Американский политологический «научный» истеблишмент и связанные с ним псевдоакадемические структуры, такие как западная журналистика, или, скорее, скорее ученость, служат движущей силой, двигателем автомобиля для краш-тестов, который разгоняется до очень высокой скорости, чтобы затем с огромной силой разбиться о бетонную стену, чтобы ученые-промышленники могли просеять искореженные обломки и манекены для краш-тестов, чтобы понять последствия и применить полученные уроки в конструкции нового автомобиля. И действительно, столкновение испытательного автомобиля западного интеллектуального класса с идеями, знаниями, а точнее, их отсутствием, о внешнем мире, о своих заблуждениях относительно всего, что не связано с абстракциями на белой доске, с неподвижной бетонной стеной реальности было разрушительным. Эта авария обнажила остатки и без того шаткой репутации и претензии на актуальность и целостность американского интеллектуального класса, этих пресловутых Менкеновских дебилов с докторской степенью. Тестовый автомобиль был полностью разбит, и мало что осталось для спасения.
Любой человек с более или менее серьезным профессиональным военным и разведывательным образованием, читавший первое издание знаменитой книги Збигнева Бжезинского 1997 года «Великая шахматная доска: Американское превосходство и его геостратегические императивы», в первую очередь в этой весьма отчетливой американской геополитической эхо-камере, начиная от авторитетных „мыслителей“ и заканчивая истеблишментными изданиями, скорее всего, не мог отделаться от ощущения присутствия при геополитическом легилименции. Опус Бжезинского вышел вслед за двумя другими знаменитыми работами американских «экспертов» - почти сразу же дискредитированным обещанием «Конца истории» Фукуямы 1992 года и фундаментальной «Столкновением цивилизаций» Хантингтона 1993 года, в которой, несмотря на некоторые ясные мысли, много неточностей. Как и большинство предыдущих работ многих знаменитых американских интеллектуалов, Фукуяма и Хантингтон продемонстрировали полное незнание реальной войны и того, как она формирует общества. Это было вполне естественно для американских политологов, пытающихся понять природу и сложность реальной войны, особенно то, как она служит основным инструментом геополитики, а также ее растущую тактическую, оперативную и стратегическую сложность, обусловленную научно-технической революцией.
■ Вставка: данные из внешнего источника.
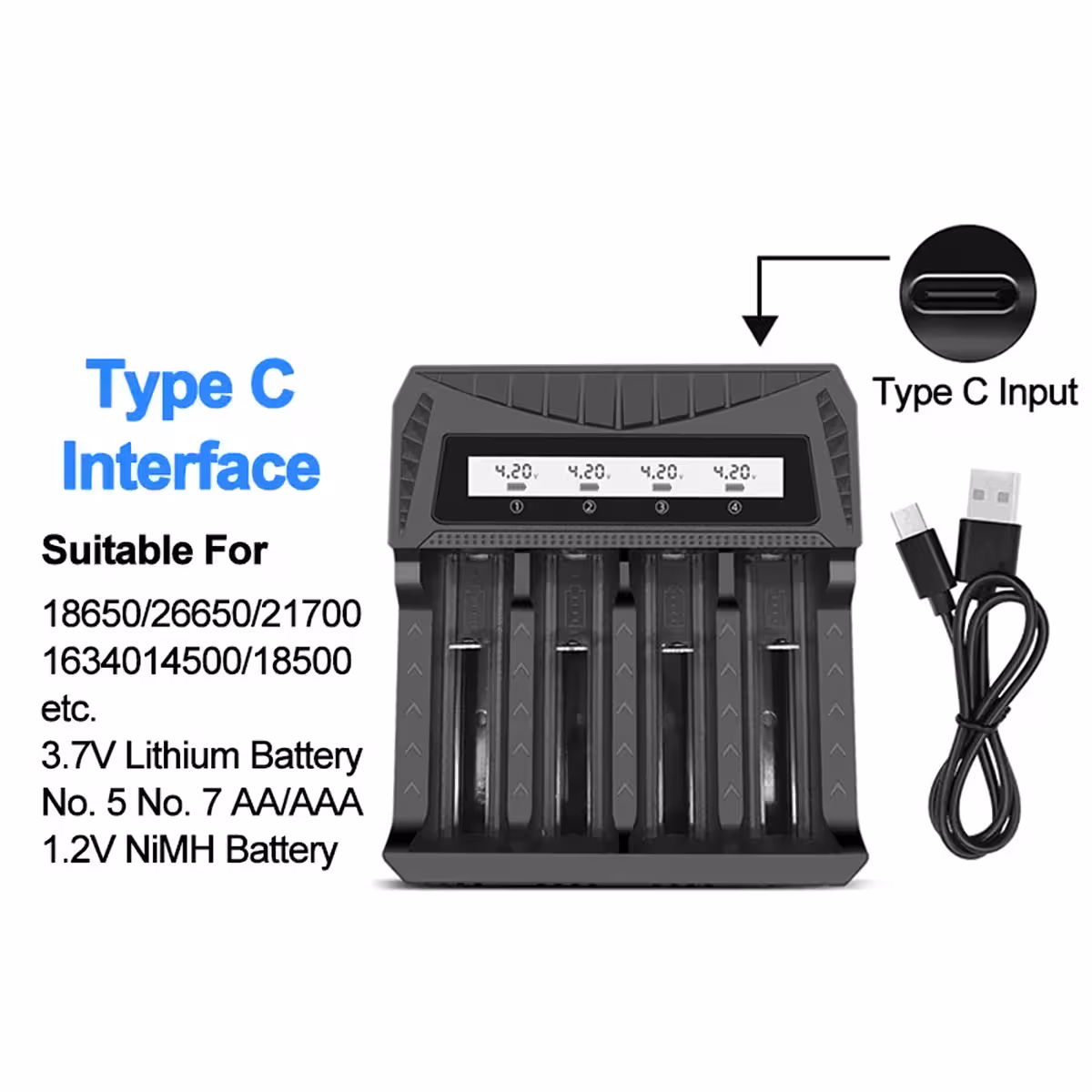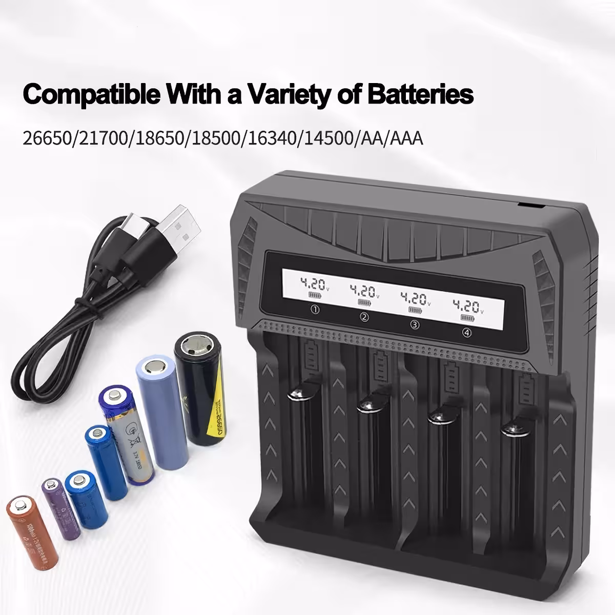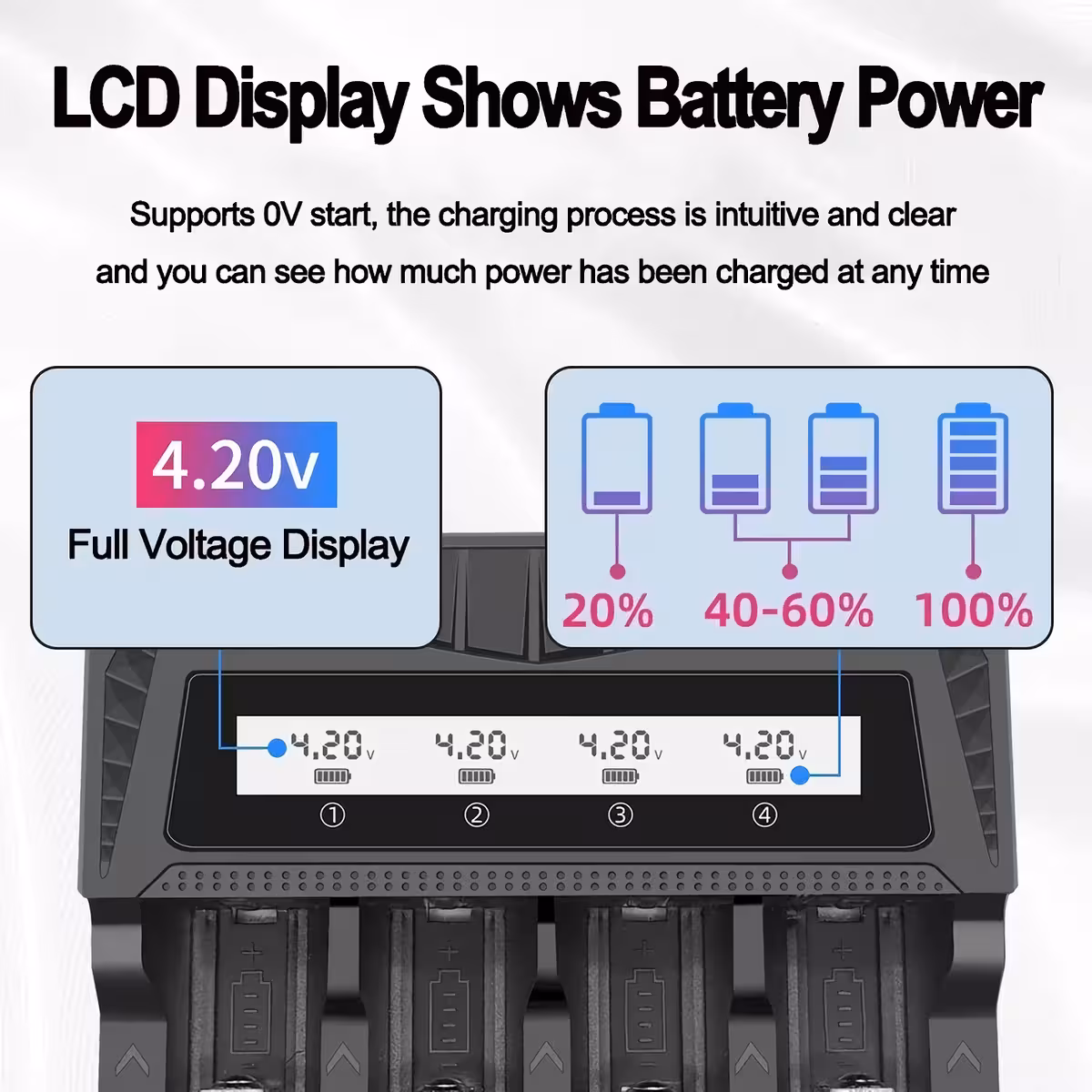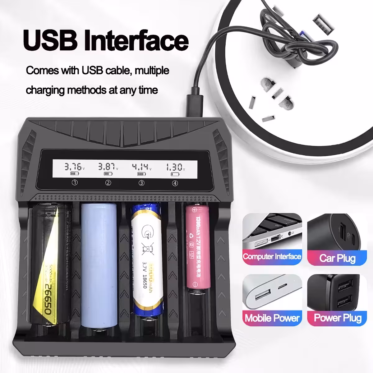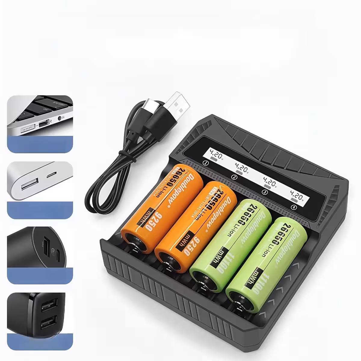 Universell 18650-laddare med LCD-display och 4 oberoende fack
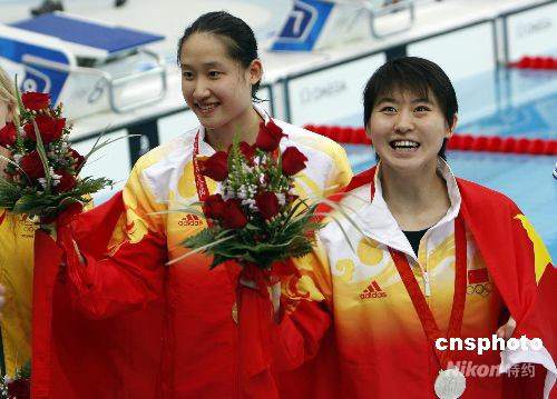 8月14日上午,中國19歲小將劉子歌以2分04秒18打破世界紀(jì)錄,獲得北京奧運會女子200米蝶泳冠軍。另一名中國只有18歲的小將焦劉洋奪得亞軍。中國泳壇兩朵小花雙雙戰(zhàn)勝澳大利亞選手,奪金摘銀。 中新社發(fā) 杜洋 攝
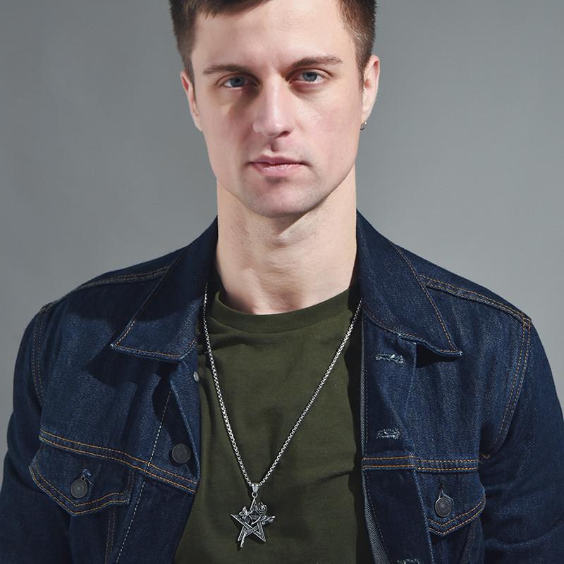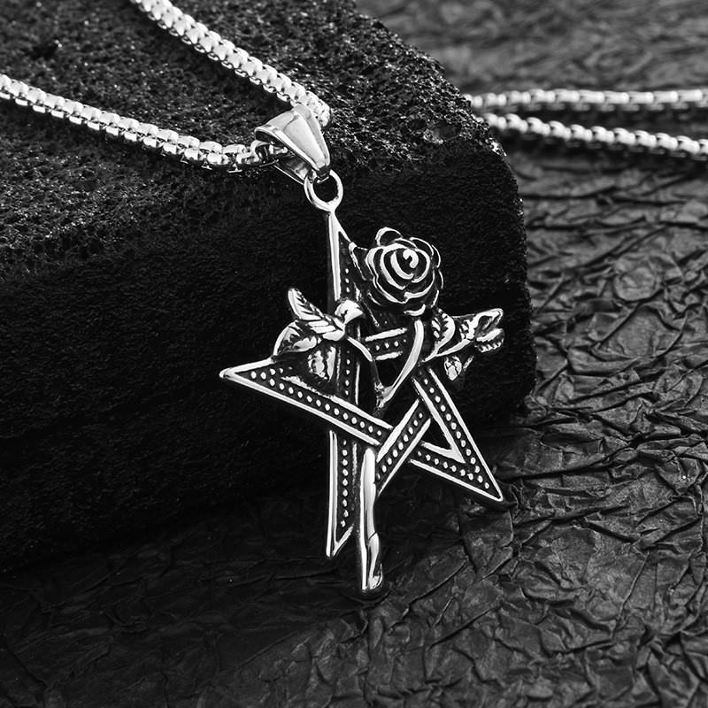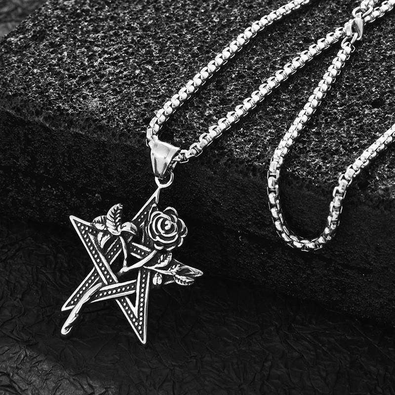 Поднимите свой уровень аксессуаров с нашим модным ожерельем из титановой стали в стиле диджея, изысканным изделием, созданным как для мужчин, так и для женщин. Это ожерелье — не просто стильное дополнение к вашему гардеробу; он воплощает сочетание современной эстетики и вневременной элегантности. Ожерелье, изготовленное из высококачественной титановой стали, украшено эффектной подвеской в виде розы-звезды, которая привлекает внимание и вызывает разговоры.. Уникальный дизайн в виде пятиконечной звезды добавляет элемент интриги, делая его идеальным акцентом для тех, кто любит выделяться.

Дипломы в области политологии, экономики (эвфемизм для финансов), права или коммуникаций — доминирующие дипломы среди интеллектуальной и властной элиты Америки — не дают важнейших знаний и набора инструментов, необходимых для компетентного описания баланса мировой власти. В мире людей с серьезными профессиональными навыками, начиная от медицины и заканчивая STEM и современными военными, эти дипломы известны как «мягкие дипломы», которые не требуют интеллектуальных и физических усилий, а также проверяются на практических результатах. Перефразируя изречение Михаила Мишустина, можно легко найти хорошего политолога среди бывших инженеров или командиров мотострелковых батальонов или полков ПВО, но было бы трудно найти даже посредственного кардиохирурга, аэрокосмического инженера или командира фрегата среди бывших политологов, хотя известно, что американские военные проводят своих офицеров через такие программы обучения с не слишком блестящими результатами.
Бжезинский выделяется здесь как особая фигура не только из-за своей фанатичной русофобии, но и из-за его очень заметного положения в качестве советника по внешней политике в администрации Обамы, а позже, перед смертью, при Джо Байдене и, в целом, в истеблишменте Демократической партии, восходящем ко временам Линдона Джонсона. В этом отношении этот профессиональный политолог, отличившийся в качестве советника по национальной безопасности в администрации Картера, был классическим продуктом американской гуманитарной академии в том смысле, что большинство ее “продуктов” никогда не имели сколько-нибудь серьезного представления ни о реальных научно-технических достижениях, ни, как это происходит даже сегодня, имел какое-либо четкое представление об истории царской/советской или современной России, экономике, культурных особенностях и, особенно, о ее военной истории. Примечательно, что эти самые люди очень плохо понимают свою собственную страну, Соединенные Штаты, именно потому, что современное американское высшее образование не предоставляет необходимого набора инструментов для надлежащего взаимодействия с этой реальностью. Единственный инструмент, который дает это образование, - это умение сопоставлять точно отобранные факты, которые служат политически целесообразному повествованию, но не дают объективной картины.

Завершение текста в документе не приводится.